Day 5 – Calculating Area of Squares and Rectangles

Definitions:

  • Area of square: A = side × side
  • Area of rectangle: A = length × breadth

Teacher Activity:

  • Solve examples:
    • Rectangle 6 × 4 → Area = 24 cm²
    • Square 7 → Area = 49 cm²

Student Activity:

  • Measure classroom objects and calculate area.
  • Draw shapes on graph paper and compute area.

Inline Questions:

  1. Find area of square with side 8 cm.
  2. Rectangle length 9 cm, breadth 3 cm.
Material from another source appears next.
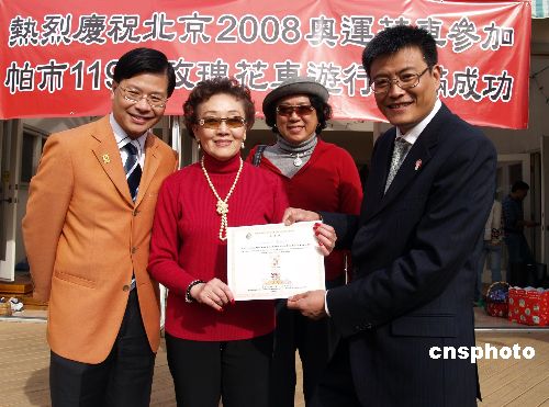 當(dāng)?shù)貢r(shí)間1月1日下午,南加州華人社團(tuán)聯(lián)合會(huì)舉行派對(duì),慶祝北京奧運(yùn)玫瑰花車在美國(guó)洛杉磯第119屆帕薩迪娜玫瑰花車游行中勇奪“最佳主題大獎(jiǎng)”。參加玫瑰花車表演的北京二中學(xué)生、中國(guó)雜技團(tuán)和中國(guó)京劇院演員122人露出勝利歡笑。北京奧運(yùn)組委會(huì)新聞宣傳部長(zhǎng)蕭培向南加州華人社團(tuán)聯(lián)合會(huì)主席張素久頒感謝狀,感謝華人華僑對(duì)北京奧運(yùn)的支持。中新社發(fā) 盧威 攝

Area = ?
  3. Can area be measured in cm² and m²?
  4. If side doubles, how does area change?
  5. Which rectangle has bigger area: 5 × 6 or 4 × 7?
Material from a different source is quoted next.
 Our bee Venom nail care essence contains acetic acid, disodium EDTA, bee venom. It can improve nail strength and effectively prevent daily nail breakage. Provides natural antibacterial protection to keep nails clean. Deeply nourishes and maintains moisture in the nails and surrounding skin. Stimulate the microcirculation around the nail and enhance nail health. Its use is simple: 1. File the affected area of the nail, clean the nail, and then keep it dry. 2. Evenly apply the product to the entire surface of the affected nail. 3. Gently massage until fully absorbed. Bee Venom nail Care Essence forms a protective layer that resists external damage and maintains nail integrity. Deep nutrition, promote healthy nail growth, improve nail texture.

Week 2 – Advanced Practice, Comparison, and Word Problems

Day 6 – Comparing Area and Perimeter

Concept: Perimeter = boundary, Area = space inside.

Teacher Activity:

  • Draw two rectangles: 4 × 6 and 3 × 8, compare perimeter and area.

Student Activity:

  • Worksheets: color shapes, find area and perimeter, compare values.

Inline Questions:

  1. Which has bigger area: 4 × 6 or 3 × 8?
  2. Which has bigger perimeter: 4 × 6 or 3 × 8?
  3. Can a shape have bigger perimeter but smaller area?
  4. Draw two rectangles with same area but different perimeter.
  5. Can square have smaller area than rectangle with bigger perimeter?

Day 7 – Area and Perimeter in Real Life

Concept: Area = floor space, Perimeter = fencing, framing.

Teacher Activity:

  • Show examples: flooring, tiling, fencing, playgrounds.

Student Activity:

  • Measure classroom or playground, calculate area and perimeter.
  • Estimate tiles required to cover floor using graph paper.

Inline Questions:

  1. How many tiles needed to cover classroom floor 6 × 5 m?
  2. How many meters of fence needed for garden 10 × 8 m?
  3. Can a playground have bigger perimeter than area?
  4. Which uses more space: square 5 × 5 or rectangle 6 × 4?
  5. Estimate area of your notebook in cm².

Day 8 – Word Problems on Perimeter

Teacher Activity:

  • Examples:
    • Rectangular garden 12 × 7 m → find perimeter
    • Square park side = 9 m → find perimeter

Student Activity:

  • Solve worksheet problems individually or in groups.

Inline Questions:

  1. Rectangle 8 × 5 m → perimeter = ?
  2. Square side 7 m → perimeter = ?
  3. Garden 10 × 3 m → fence required = ?
  4. Can perimeter be calculated in cm and m?
  5. Draw rectangle with perimeter 20 cm.

Day 9 – Word Problems on Area

Teacher Activity:

  • Examples:
    • Floor tiles 5 × 4 m → Area = ?
    • Book cover 6 × 3 cm → Area = ?

Student Activity:

  • Solve problems, color squares on graph paper to visualize area.

Inline Questions:

  1. Find area of rectangle 7 × 3 cm.
  2. Can rectangle with bigger perimeter have smaller area?
  3. Classroom floor 12 × 10 m → area = ?
  4. Draw square with area 36 cm².
  5. Compare area of 6 × 4 rectangle vs 5 × 5 square.

Day 10 – Revision, Games, and Assessment

Teacher Activity:

  • Worksheets with shapes, word problems, coloring.
  • Game: “Perimeter and Area Hunt” – measure classroom objects, calculate perimeter and area.

Student Activity:

  • Complete worksheets and participate in classroom activity.

Inline Questions:

  1. Calculate perimeter of your notebook.
  2. Area of rectangular desk = ?
  3. Which is bigger: area or perimeter of blackboard?
  4. How many square tiles needed to cover 1 m²?
  5. Draw rectangle with area 12 cm² and perimeter 14 cm.
  6. Give examples of area and perimeter from home.
  7. Which uses more space: square 6 × 6 or rectangle 4 × 8?